• **Try it**:
Your output should be everything below from the line containing "姜兴山副校长代表学校致辞。他" down to the line containing "En gammel Cherry", both ends included, copied exactly, with pictures left out.

• **Information shown**:
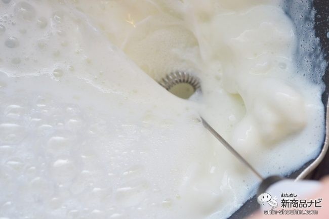 100均などで販売しているミルクフォーマーでOK、ふわふわの雪のような仕上がりになる。
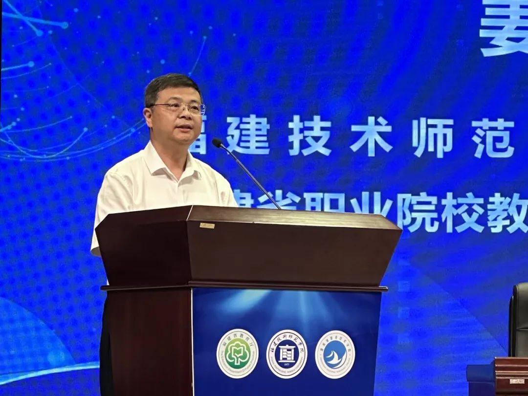姜兴山副校长代表学校致辞。他简要介绍了学校办学定位和基本办学情况,以及本次大赛承办工作情况。他表示,学校是全省唯一一所定位培养职业教育师资的本科高校。承办本次大赛,既是省教育厅对学校的认可和支持,也是学校的责任和使命。学校高度重视大赛承办工作,在省教育厅的关心指导下,充分依托福建省职教师资培训中心、省职业教育教师发展联盟等平台,加强组织领导,做好联系协调,并和湄洲湾职业技术院校通力协作,切实加强赛事服务和保障,着力提升赛事水平和质量。今后,学校将持续发挥定位和地域优势,助力提升我省职业院校教师教学能力、教学水平,为推动我省职业教育高质量发展贡献新的更大力量。
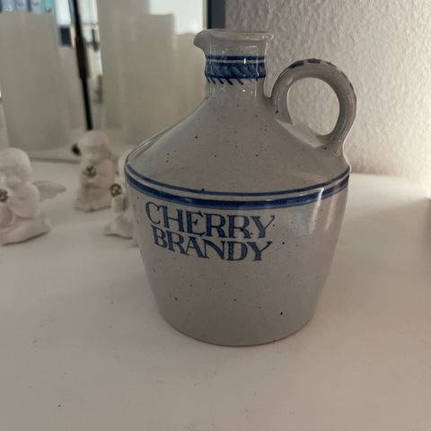 En gammel Cherry Heering karaffel / dram flaske i kraftig hvidt porcelæn og med flaskenæb i sølvfarvet metal og med kork prop. Dramflasken er præget med Heering samt logo på den ene side og med Royal Copenhagen logo samt 3 bølger på den anden side.
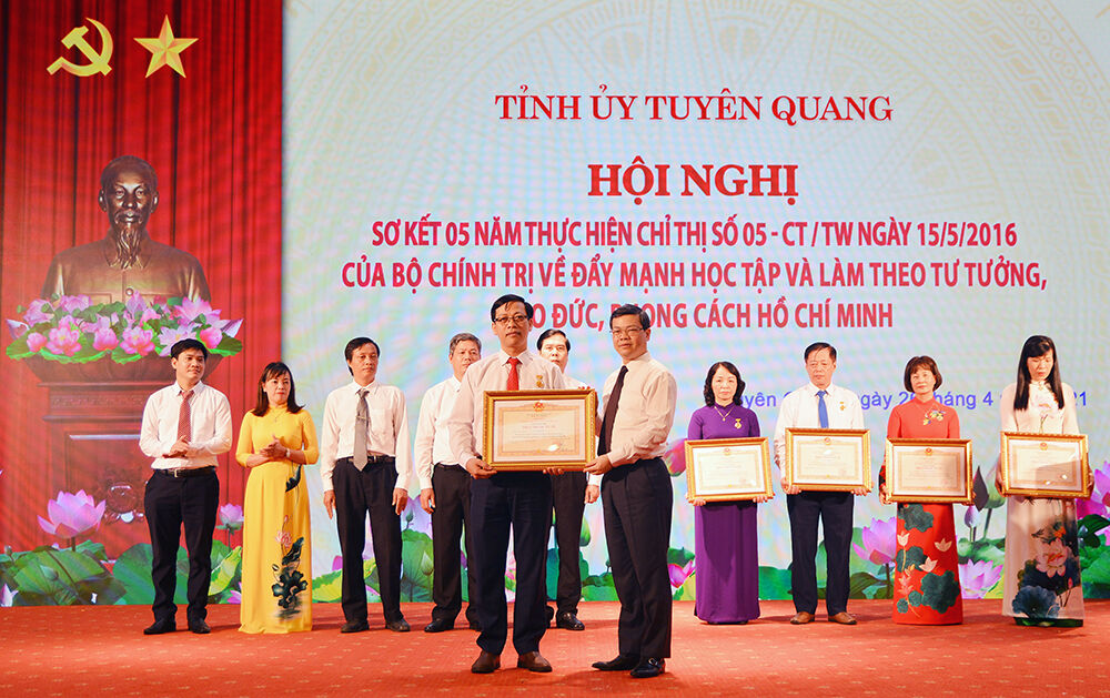 Đồng chí Phan Xuân Thủy, Phó trưởng Ban Tuyên giáo Trung ương và đồng chí Lê Thị Kim Dung, Phó Bí thư Thường trực Tỉnh ủy trao Bằng khen của UBND tỉnh cho các tập thể có thành tích xuất sắc trong thực hiện Chỉ thị 05.

• **Problem solution**:
姜兴山副校长代表学校致辞。他简要介绍了学校办学定位和基本办学情况,以及本次大赛承办工作情况。他表示,学校是全省唯一一所定位培养职业教育师资的本科高校。承办本次大赛,既是省教育厅对学校的认可和支持,也是学校的责任和使命。学校高度重视大赛承办工作,在省教育厅的关心指导下,充分依托福建省职教师资培训中心、省职业教育教师发展联盟等平台,加强组织领导,做好联系协调,并和湄洲湾职业技术院校通力协作,切实加强赛事服务和保障,着力提升赛事水平和质量。今后,学校将持续发挥定位和地域优势,助力提升我省职业院校教师教学能力、教学水平,为推动我省职业教育高质量发展贡献新的更大力量。
 En gammel Cherry Heering karaffel / dram flaske i kraftig hvidt porcelæn og med flaskenæb i sølvfarvet metal og med kork prop. Dramflasken er præget med Heering samt logo på den ene side og med Royal Copenhagen logo samt 3 bølger på den anden side.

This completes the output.